The origin and development of Passion Plays in Great Britain can be traced back to one of the earliest pieces of theatre in Britain, which was the Quem Quaeritis: four lines spoken by two choirs addressing each other in a dramatic form. It can also be traced back to the liturgical drama used within the church and the Corpus Christi festivals which took place outside the church.

Passion Plays were the focal point of the Mystery Plays that were performed by city guilds in many medieval cities, the most prominent being York, Chester and Coventry. Public performances of Passion Plays lasted from the fourteenth century to the middle of the sixteenth century, with a few examples into the seventeenth century. Richard Davy composed one of the earliest settings of the Passion according to St Matthew.

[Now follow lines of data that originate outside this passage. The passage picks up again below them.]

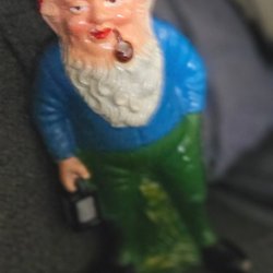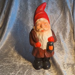 En charmig tomte från 1972. Tomten bär en lykta och har en klassisk design med röd luva och blå jacka. Perfekt som dekoration eller som en samlarobjekt.
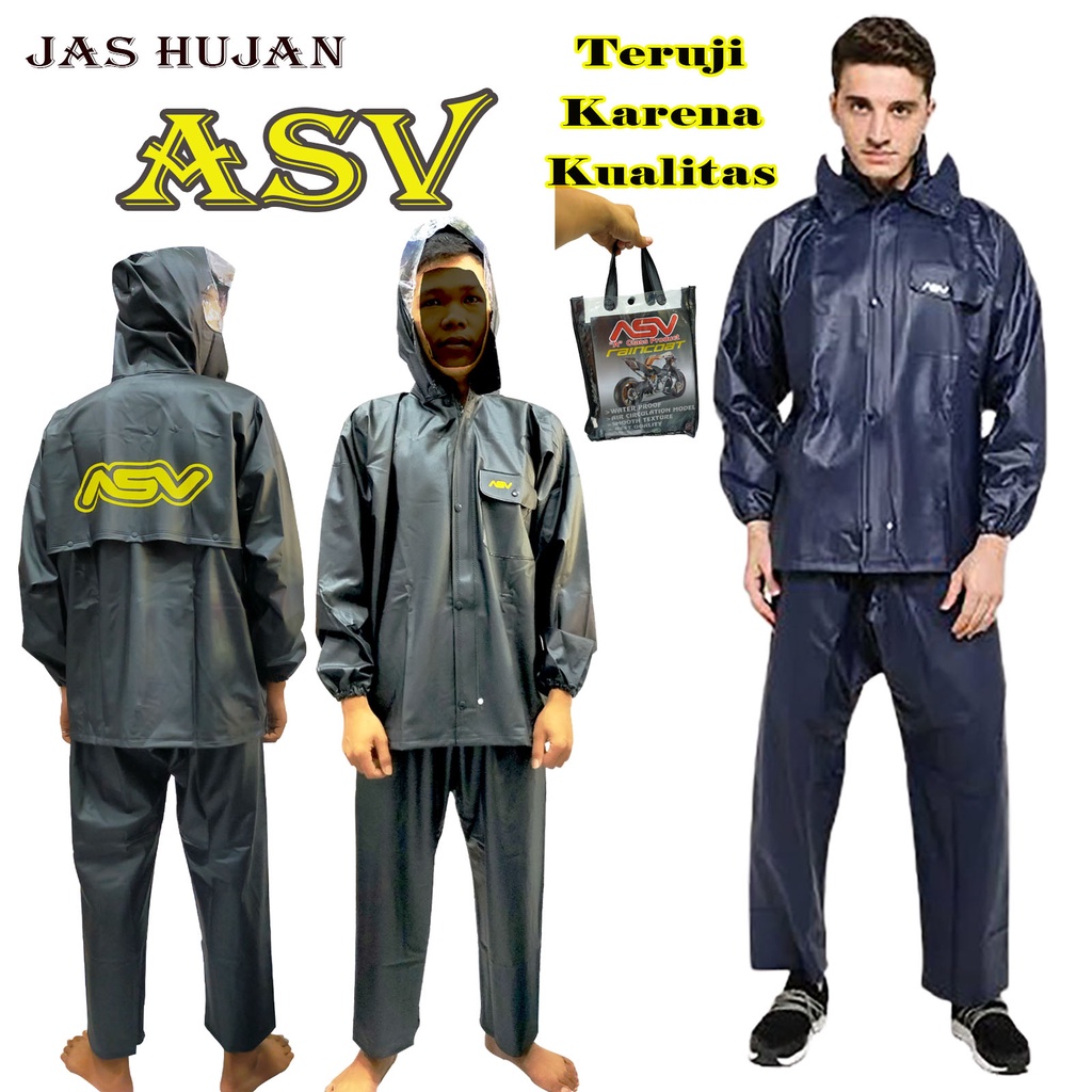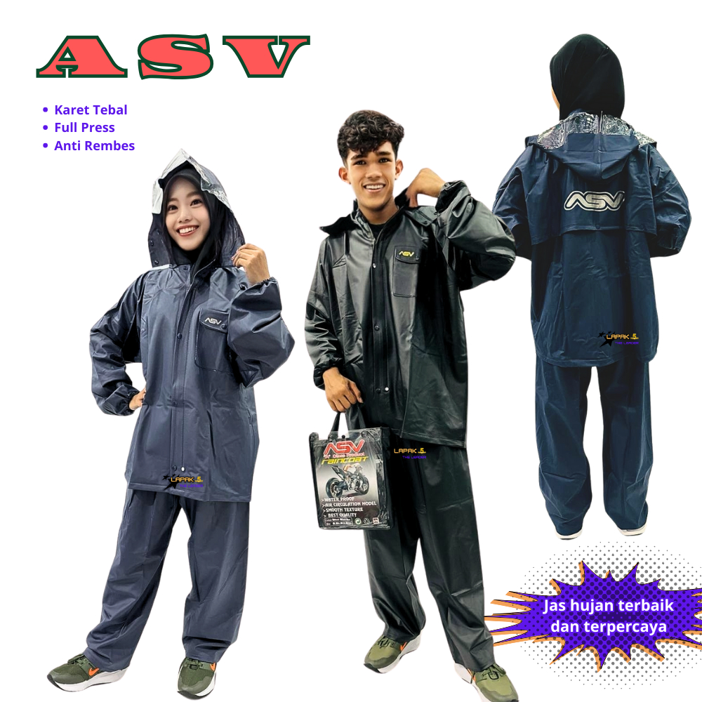 Jas Hujan Baju Celana Setelan Dewasa Pria Wanita ASV Original Full Karet Rubber Press Anti Rembes
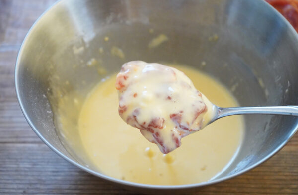 豚肉はぎゅっと握るようにまとめると、衣を絡めるときに崩れにくくなります。
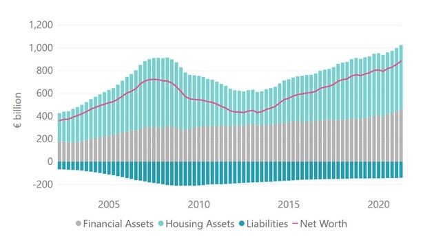 It also said that household deposits held with credit institutions were up in the first quarter, while housing assets also increased by €8.2bn and household liabilities fell by €1.5bn.
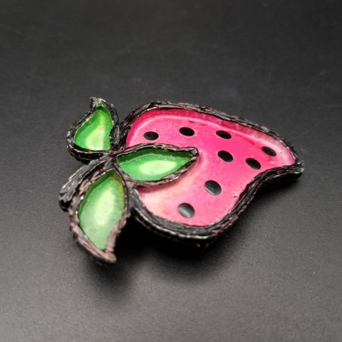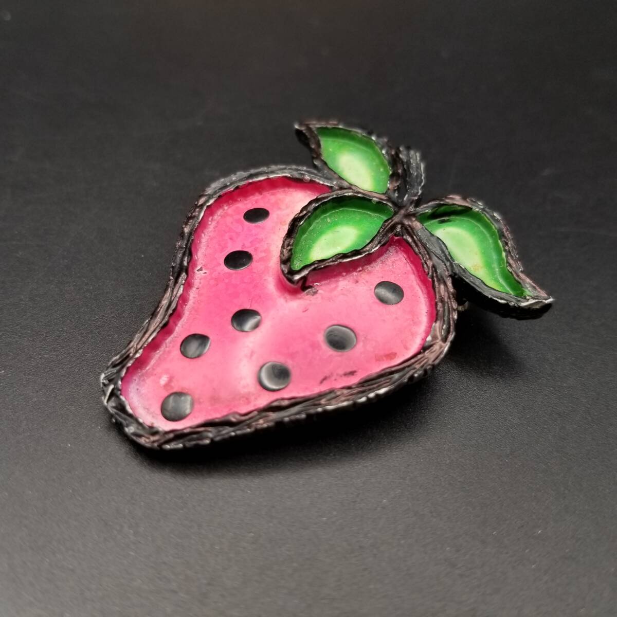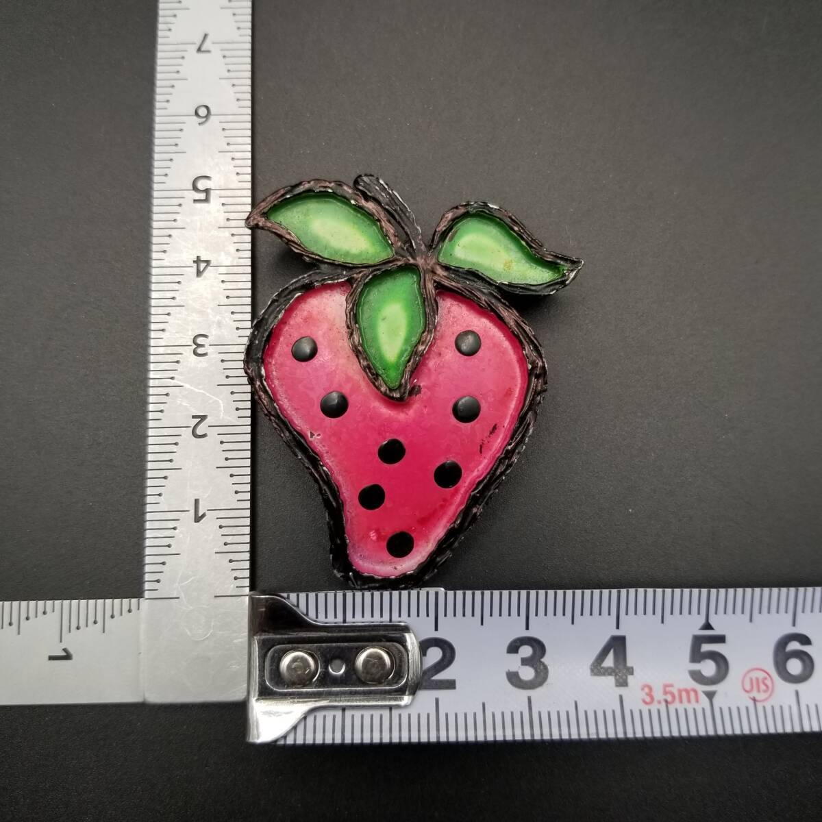 イチゴ ストロベリー 果物 モチーフ カラフル キュート 大ぶり 鮮やか ヴィンテージ ブローチ ジュエリー 輸入 Y16-G
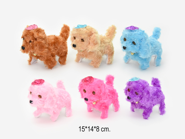 им Собака арт. 810-24" Бежевая на батар. в коробке 15,5*11*16У питомца мягкая и красивая шерстка. Щенок ходит, гавкает, виляет хвостиком и поворачивает голову. Игрушка включается при нажатии на кнопку на поводке.
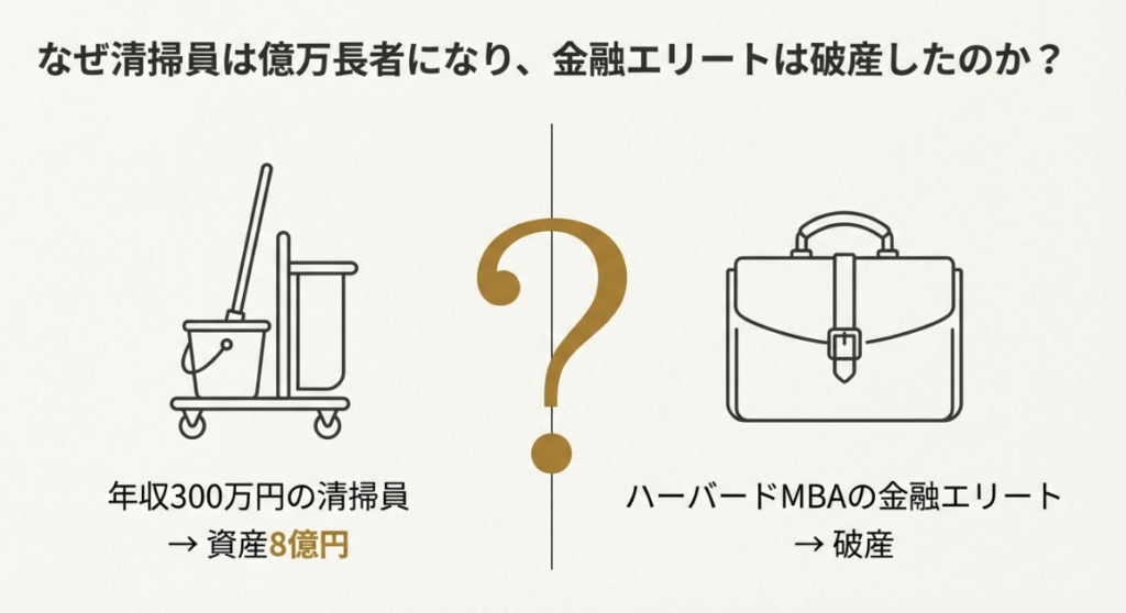 年収300万円の清掃員が8億円の資産を築きました。一方で、ハーバードMBA、高給取りの金融エリートが破産しました。
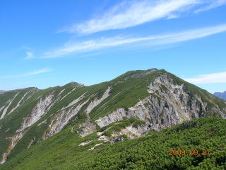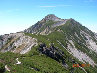 | 杓子平に出るといきなり山岳風景が広がる。抜戸岳 |
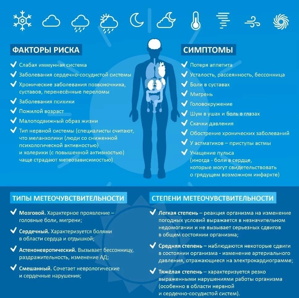 Метеочувствительность: кто ей подвержен и каким образом она проявляется (инфографика)

During the Reformation, the Passion Plays and Mystery Cycles were suppressed due to their perceived Catholic influences. Eventually, in 1642 all theatre was banned with the suppression of the playhouses by a Puritan Parliament. With the Restoration, theatres opened again in 1660, this time with women permitted to perform on the stage. However, religion and politics were heavily censored for the next few hundred years in England and no Passion Play was performed publicly during this time.

The modern revival of Passion Plays began with the revival of the York Mystery Plays in 1951 as part of the Festival of Britain, the Chester Mystery Plays in the 1970s and the York and Towneley Plays as part of the Edinburgh Festival in 1977.

==Origin and history in continental Europe==

===The Easter play precedent===
The development of the Passion Play was about the same as that of the Easter Drama. It originated in the ritual of the Church, which prescribes, among other things, that the Gospel on Good Friday should be sung in parts divided among various persons. Later, the Passion Play made its appearance, first in Latin, then in vernacular languages; contents and forms were adapted more and more to audience expectations, until, in the fifteenth century, the popular religious plays had developed. The Benedictbeurn Passion Play (thirteenth century) is still largely composed of Latin ritual sentences in prose and of church hymns, and, being designed to be sung, resembles an oratorio.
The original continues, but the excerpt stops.